Reinforcement In The Agent Loop
Every time the agent runs a tool you have the opportunity to not just return
data that the tool produces, but also to feed more information back into the
loop. For instance, you can remind the agent about the overall objective and
the status of individual tasks. You can also provide hints about how the tool
call might succeed when a tool fails. Another use of reinforcement is to
inform the system about state changes that happened in the background. If you
have an agent that uses parallel processing, you can inject information after
every tool call when that state changed and when it is relevant for completing
the task.
Sometimes it’s enough for the agent to self-reinforce. In Claude Code, for
instance, the todo write tool is a self-reinforcement tool. All it does is
take from the agent a list of tasks that it thinks it should do and echo out
what came in. It’s basically just an echo tool; it really doesn’t do anything
else. But that is enough to drive the agent forward better than if the only
task and subtask were given at the beginning of the context and too much has
happened in the meantime.
We also use reinforcements to inform the system if the environment changed
during execution in a way that’s problematic for the agent. For instance, if
our agent fails and retries from a certain step forward but the recovery
operates off broken data, we inject a message informing it that it might want
to back off a couple of steps and redo an earlier step.
Isolate Failures
If you expect a lot of failures during code execution, there is an opportunity
to hide those failures from the context. This can happen in two ways. One is
to run tasks that might require iteration individually. You would run them in
a subagent until they succeed and only report back the success, plus maybe a
brief summary of approaches that did not work. It is helpful for an agent to
learn about what did not work in a subtask because it can then feed that
information into the next task to hopefully steer away from those failures.
The second option doesn’t exist in all agents or foundation models, but with
Anthropic you can do context editing. So far we haven’t had a lot of success
with context editing, but we believe it’s an interesting thing we would love to
explore more. We would also love to learn if people have success with it.
What is interesting about context editing is that you should be able to
preserve tokens for further down the iteration loop. You can take out of the
context certain failures that didn’t drive towards successful completion of the
loop, but only negatively affected certain attempts during execution. But as
with the point I made earlier: it is also useful for the agent to understand
what didn’t work, but maybe it doesn’t require the full state and full output
of all the failures.
Unfortunately, context editing will automatically invalidate caches. There is
really no way around it. So it can be unclear when the trade-off of doing that
compensates for the extra cost of trashing the cache.

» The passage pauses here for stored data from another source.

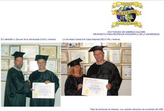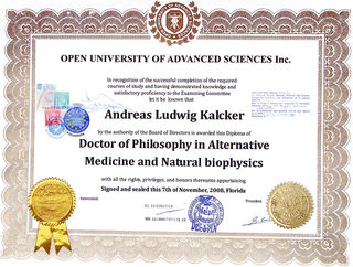 Schmuckurkunde eines von Andreas Kalcker geführten scheinakademischen Titels, der in Barcelona und Florida bei der Firma Open University of Advanced Sciences Inc. käuflich zu erwerben ist. Der Käufer kann sich das "Fachgebiet" selbst aussuchen. Der eigentliche Sitz der Firma OUAS ist jedoch in einer Seitenstraße in Barcelona.[2]
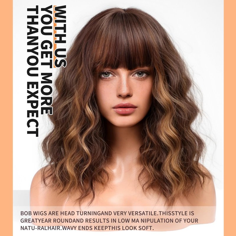 - 💞Hairstyle: Short wavy bob wig with bangs,the thickness and length of the bangs are moderate,making the wig look more Realistic and Cute.You can freely trim and shape the bangs to your favorite style.Shoulder Length is Perfect.
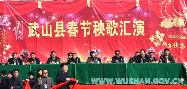 武山縣委書記溫利平、縣人大主任王永宏、縣長張建杰、縣政協(xié)主席頡衛(wèi)星等縣四大組織領(lǐng)導(dǎo)和群眾一起共同觀看了秧歌匯演。
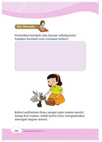 Ayo Menulis Perhatikan kembali teks bacaan sebelumnya! Tuliskan kembali cara merawat kelinci! Kelinci peliharaan Dayu sangat suka makan wortel. Setiap kali makan, induk kelinci bisa menghabiskan setengah bagian wortel. 160 Buku Siswa SD/MI Kelas III
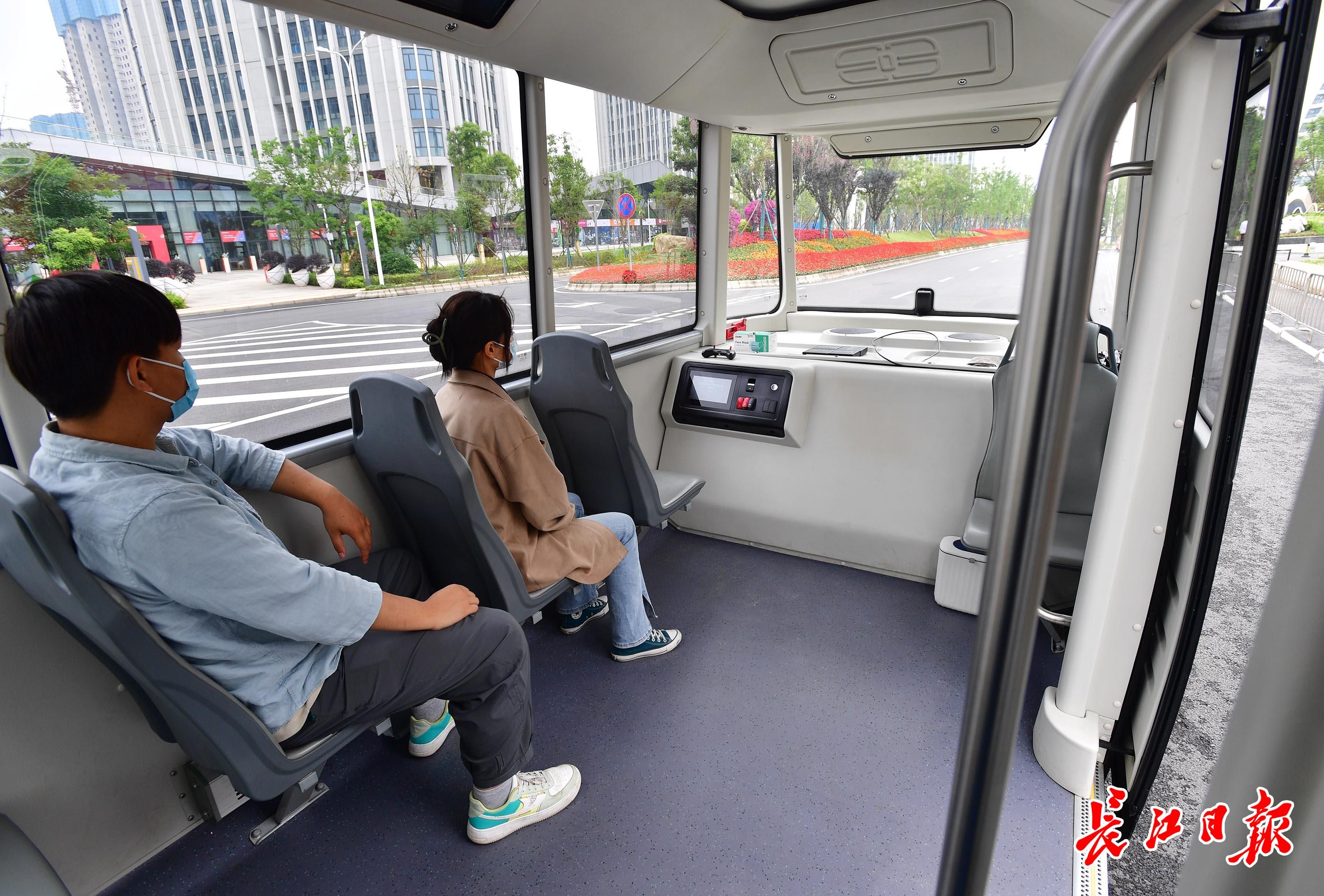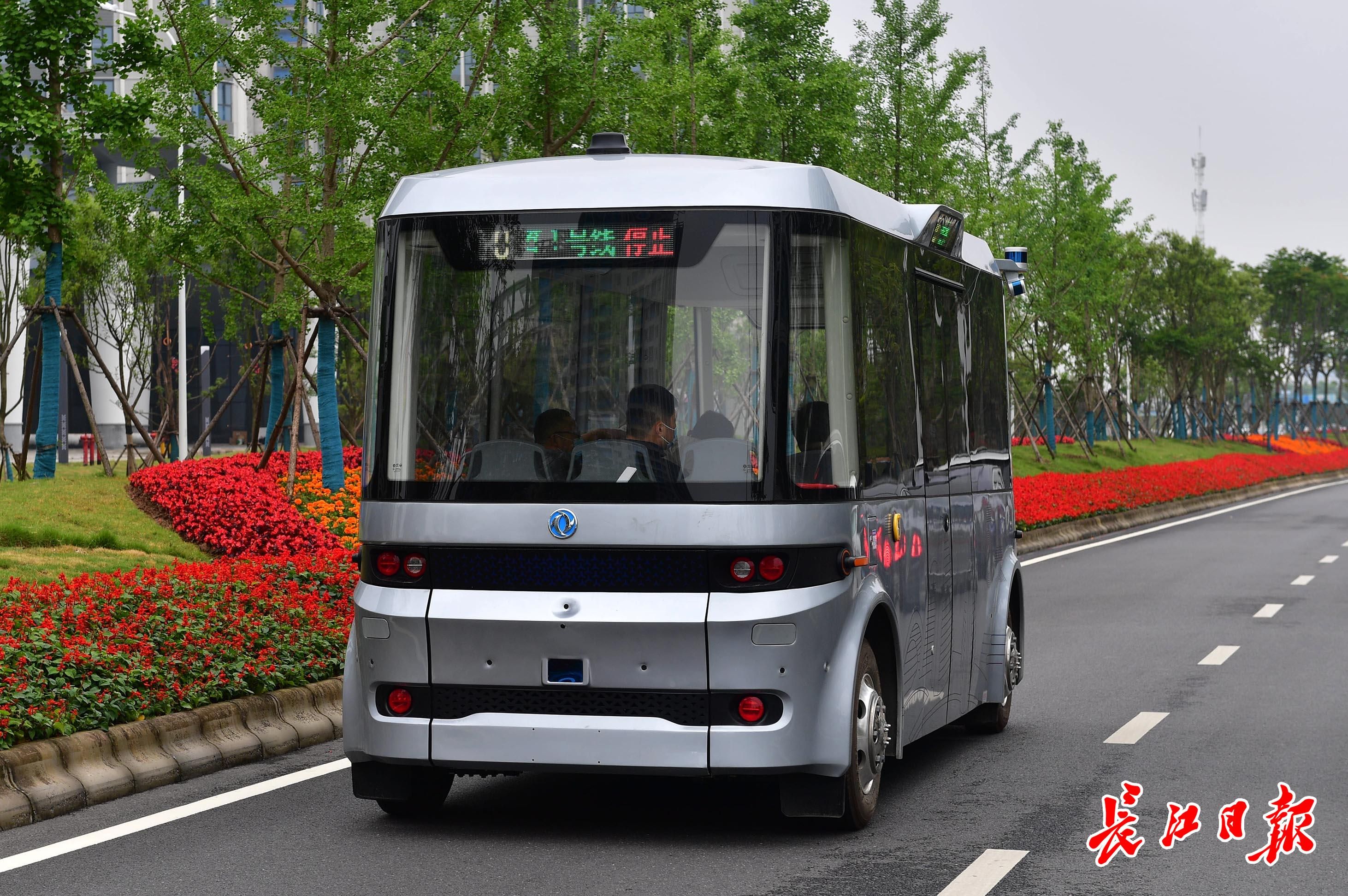 5月10日,武汉经开区川江池二路生态城春笋站,银白色的“春笋号”升级版Sharing-BUS加入了无人驾驶接驳巴士的车队,为市民提供服务。记者李永刚摄
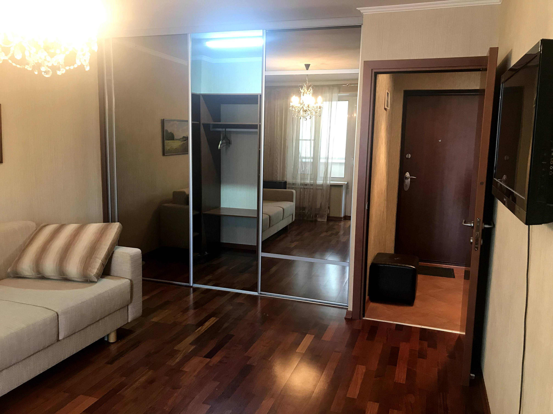 Идеальная квартира рядом с метро , 5 минут пешком . Большая гардеробная, лоджия 6 метров . Кондиционер. Совмещённый санузел .
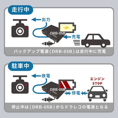 ・エンジン切ってもドラレコが録画ドライブレコーダー用バックアップ電源(停止中は(DRB-05B)からドラレコの電源となる
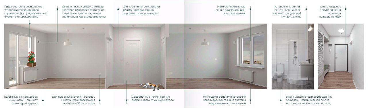 Квартира с чистовой отделкой Comfort Stone, в светлых тонах, из современных экологичных материалов: ламинированные межкомнатные двери, двухкамерные стеклопакеты, флизелиновые обои, качественный матовый ламинат с фактурой дерева, керамическая плитка. На первом этаже есть колясочная. Система ''Умный дом'', двор без машин. Круглосуточное видеонаблюдение, прогулочные зоны без автомобилей.
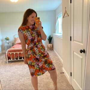 I adore this super bright and fun high end designer Lela Rose cocktail sheath style high neck mini/knee length gown/dress

Sub Agents / Sub Inference
As I mentioned a couple of times on this blog already, most of our agents are
based on code execution and code generation. That really requires a common
place for the agent to store data. Our choice is a file system—in our case a
virtual file system—but that requires different tools to access it. This is
particularly important if you have something like a subagent or subinference.
You should try to build an agent that doesn’t have dead ends. A dead end is
where a task can only continue executing within the sub-tool that you built.
For instance, you might build a tool that generates an image, but is only able
to feed that image back into one more tool. That’s a problem because you might
then want to put those images into a zip archive using the code execution tool.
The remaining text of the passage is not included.